Kashmir conundrum

2017-05-14T23:06:01+05:00 Inamullah Marwat

The recent wave of students’ led protests in the Indian occupied Kashmir, triggered first by ruthless killing of separatist leader, Burhan Wani, which India claimed to be a militant, and lately getting impetus from Indian security forces raid on a college in Pulwama during which at least 50 students were injured, has brought the Kashmir issue again in the limelight. Like the past, the issue has culminated in prompting India to deal with the issue via a heavy-handed approach, that is reflective from curfews and onslaught of pellet guns, painting it before the world that the current uprising has been the brainchild of shenanigans on the part of across the border rival, Pakistan, which India has accused of sponsoring militant groups in Indian Occupied Kashmir. But unlike the past, the recent wave of protests has a peculiar feature; that is, Kashmiris themselves, especially, are now trying to make themselves count in the stakeholders’ matrix of this conflict. Fed up with bearing more than seven decades of India’s hawkish approach towards their concerns, the youth of Indian occupied Kashmir, incensed by political, social, economic and psychological deprivation, have given up the ghost in capping their repressed anger against the state’s atrocities and have decided to stand up for their rights.

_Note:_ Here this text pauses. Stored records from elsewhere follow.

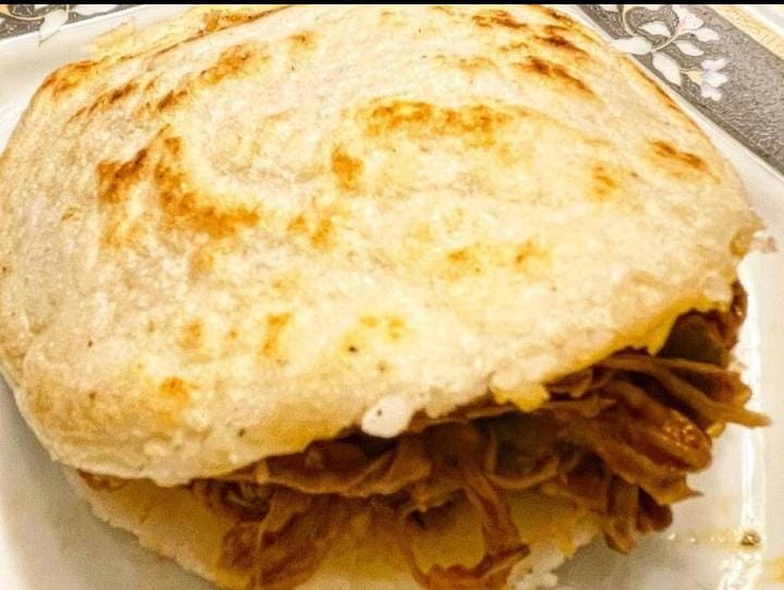 Arepa de maíz tierno acompañada de carne desmechada en salsa hogao y queso fundido mozzarella.
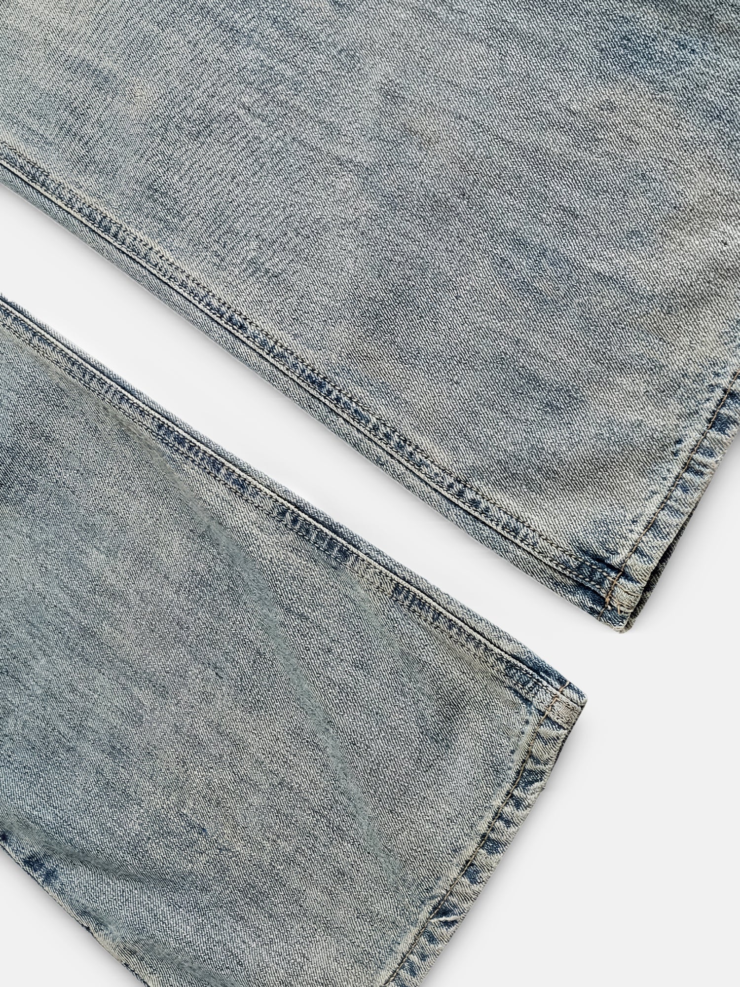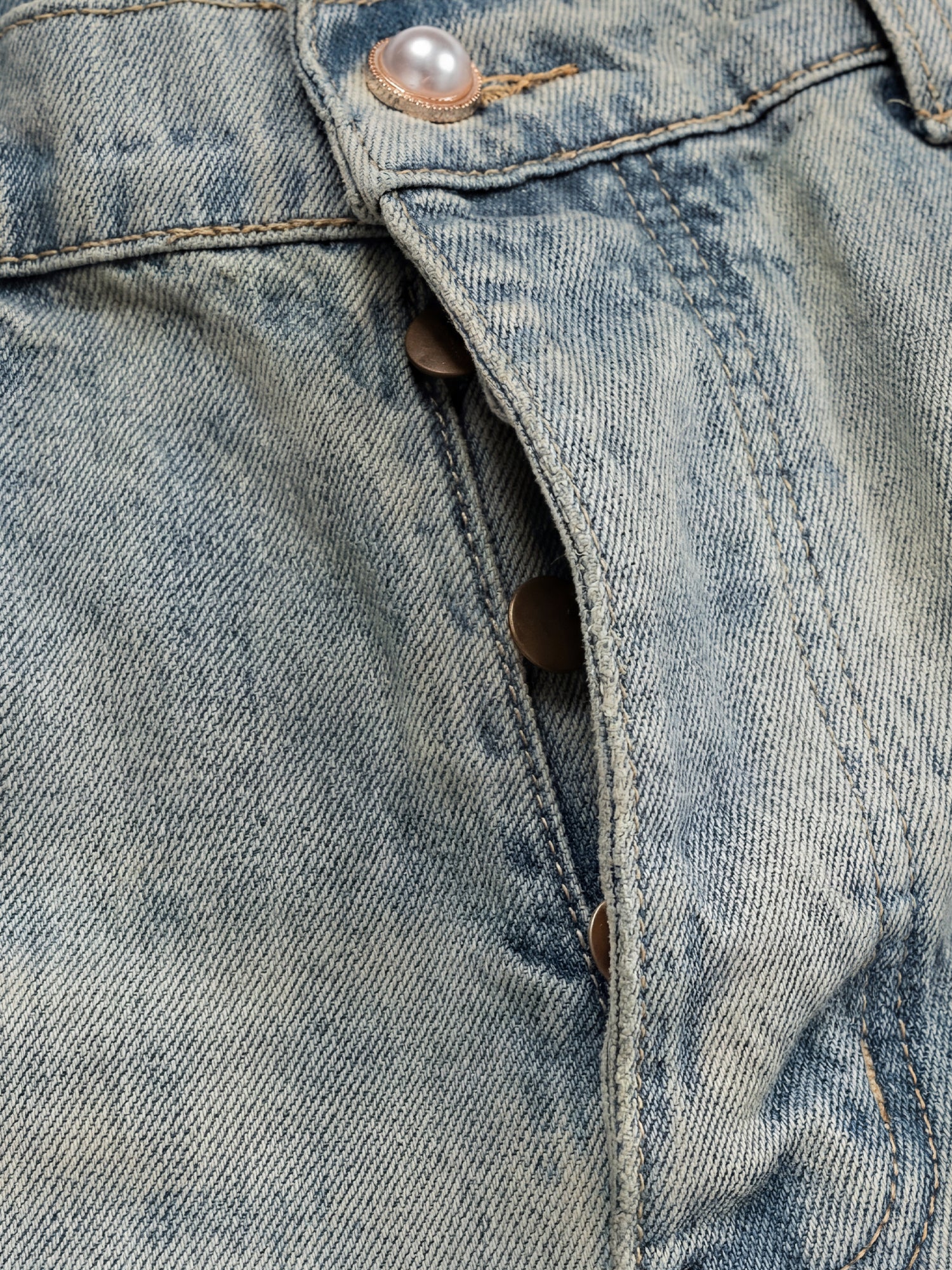 Lehce stonewash denim, volný střih s extra dlouhým vnitřním švem pro vrstvený efekt. Dokončeno zapínáním na knoflíky a klasickým uspořádáním pěti kapes.
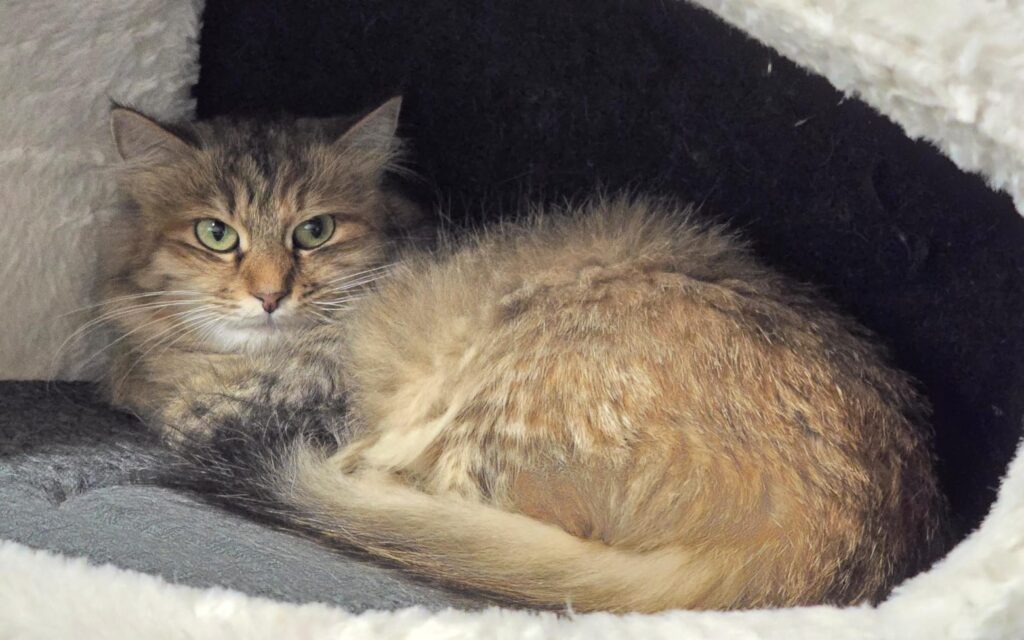 Unsere wunderschöne Ruby, geboren etwa im Mai 2022, ist eine kastrierte Katzendame – vermutlich hat bei ihr eine Norwegische Waldkatze mitgemischt.
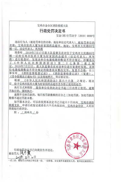 给予宝鸡市医药大厦为好家园药品超市责令停止使用的处罚
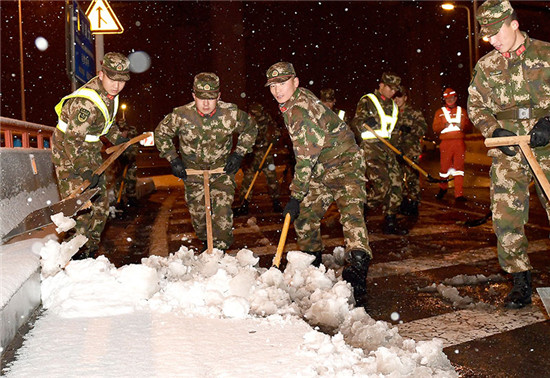 1月26日,武警上海总队机动支队士兵在上海市内环高架道路上清扫积雪。极端天气下,朋友圈里“冰封”雪景分外艳丽。诗意盎然的背后,是基层党员干群挺立起脊梁,负重前行。奋起于银装素裹的寒夜,冲锋在排难除险的风口。寒流面前,千万名基层党员干部群众筑起风吹不垮、雪压不塌的堡垒,开辟出温暖的通道。新华社记者 陈飞 摄
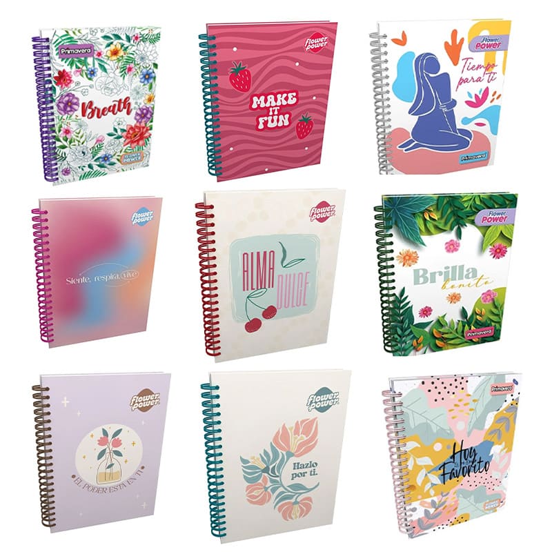 Cuaderno 95 argollado 5 materias mixto FLOWER POWER PRIMAVERA

This was long overdue. Right after independence, it is an open secret that India, through coercive means, made Maharaja Hari Singh, the then ruler of Kashmir as a princely state, sign the Instrument of Accession with India in the face of a rebellion from Muslims. After acceding to India, India sent its troops to Kashmir to counter the rebellion that had almost captured a portion of Kashmir which they named Azad Kashmir. A ruthless fight ensued between the Indian army and rebel forces that constituted tribal force supported by Pakistan army. The rebel forces were almost fifteen miles away from Srinagar, capital of Indian occupied Kashmir, that India’s then Prime Minister Jawahar Lal Nehru, at the behest of then Governor General Lord Mountbatten, appealed to the United Nations Security Council (UNSC) to consider the fight between Pakistan and India that was ripping apart Kashmir. Playing the role of mediator after bringing halt to the fight, the UNSC passed several resolutions impressing upon both Pakistan and India that the accession of Jammu and Kashmir to India or Pakistan should be decided through the democratic method of a free and impartial plebiscite.

Since the passage of those resolutions, India has been shying away from holding a plebiscite in Jammu and Kashmir. Instead of giving Kashmiris a choice to have right of self-determination, India has, without Kashmiris’ consent, made it an integral part of their constitution via article 370. Since occupying Jammu and Kashmir and having relieved by the UNSC resolution in 1948 against the onslaught of rebel forces that were about to occupy the whole Kashmir, India has been, since then, hell bent upon crushing all kind of dissent in Kashmir, and has been mainstreaming Kashmir through hawkish means in Indian democracy which is reflective from deployment of large contingents of army equipped with Armed Forces (Special Powers) Acts (AFSPA) which are “Acts of the Parliament of India that grant special powers to the Indian Armed Forces.” AFSPA accords huge power, that most of the time go unchecked with respect to its accountability and results in human rights violations, to the Indian army to maintain normalcy in Kashmir.

The use of force helps contain a problem, but it does not cure. This simple logic is beyond India’s policy makers’ conception when it comes to policy making vis-à-vis Indian occupied Kashmir. The identity of a Kashmiri, which has been defined by state’s oppression, can hardly be accommodated in the mainstream Indian identity which India has been trying to do, to no avail, via holding so-called elections. By not aligning herself with political aspirations of population in Kashmir resulting in resentment among Kashmiris, curing the resentment among people reflective through their protests via force and treating the issue as domestic issue though it is an international one as is reflective from Pakistan’s claim over it and existence of Azad Kashmir, India has been sitting on powder keg. If it is not catered to in time, the issue has the prospect of imploding India from within and exploding from without.

Problems are dealt with squarely for their solution. India’s approach towards Kashmir issue shows that the issue has not been dealt with intentionally in its face and depth; that is why India has not been able to bring calm and peace in Jammu and Kashmir even after seventy years. All these years, Kashmiris in Indian Occupied Kashmir have seen themselves being subsumed into the so-called grand Indian democracy through the crack of a whip, and this has given birth to a new Kashmiri identity that is very different from the one that was at the time of India’s occupation of Kashmir in post-partition era. At that point in time, Kashmiri in struggle against India defined his/her identity, more in ideological terms, in terms of being deprived of his/her choice of self-determination via plebiscite, but, today, with frustration oozing out from the denial of choice of self-determination, Kashmiris are incensed at the utter deprivation meted out to them.

The solution to the Kashmir conundrum does not lie in silencing dissent through barrels of pellet guns, rather, considering eclectic nature of the issue, it lies in bringing all the stakeholders to the conflict in consultation with one other for formulation of an agreement that proves a win-win for all.